Web Scraping with your Web Browser: Bot Challenges

😸 Web Scraping with your Web Browser: Bot Challenges 😸

In the first article of this series, I gave a demonstration of a simple scraping task to get the conversation going and to encourage you to visit my website and install the Kraker local proxy server. However, I will assume that you have not done that and that's okay. Hopefully, you will take that step after this discussion. I will show you some code designed to bypass a bot challenge, whether presented by Cloudflare or any other such service provider.

The web browser's proxy settings must be configured to use the Socks5 port on the local proxy. This is a transparent proxy which will only intercept HTTP requests on demand. It is undetectable by an outside observer except when it is intercepting a connection. In this respect, it is quite different from man-in-the-middle proxies like Charles or Fiddler. In order to initiate the interception, a "shadow port" must be created via a configuration file or directly from the web browser. The shadow port consists of a domain name and a port number along with a set of instructions.

You are no doubt familiar with status code 403 which means that you are not authorized to access the requested service. This is the code issued by Cloudflare when your system has been flagged as a possible bot and you are presented with a page containing the bot challenge. Sometimes this can be very easily avoided and there are three things that need to be checked before attempting to answer the challenge: 1) the Referer header, 2) the case of certain header names and 3) the TLS handshake.

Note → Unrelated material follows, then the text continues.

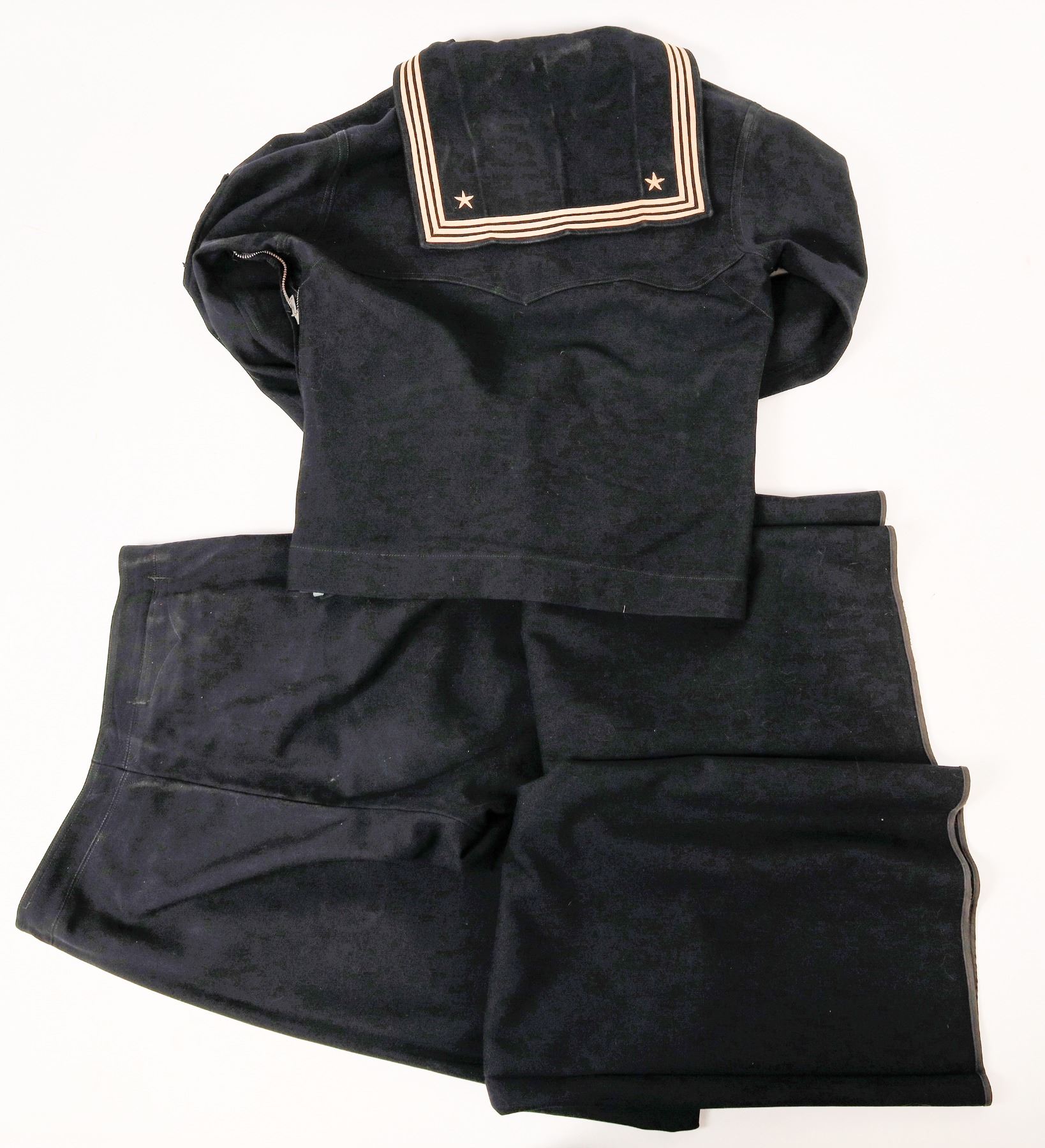 US Coast Guard Uniform woolen shirt and pants bearing a left shoulder patch for a Radioman 3rd Class and a Coast Guard shield on the lower right sleeve. Pants are 34-inch inseam, 45-inch total length, 28-inch waist. Shirt sleeves are 23 inches from the shoulder seam and 22 inches from the neck seam to the bottom. Original wearer worked in the North Atlantic on a minesweeper after WWII. One button missing on the upper right (as worn) of the pants, but otherwise the set is clean and in good condition. post WWII

The destination could be expecting either no Referer or a specific Referer. If you are accessing the site with Javascript in the web browser, both the Origin and the Referer header values will be set to the domain name of the web page (or null if the page is a local file). You must remove the headers or set the value to some other domain (perhaps the website itself). In the case of Cloudflare specifically, certain header names must be presented in camel-case. Lastly, some service providers are capable of fingerprinting the TLS handshake. Cloudflare and DataDome do this, DDoS Guard does not.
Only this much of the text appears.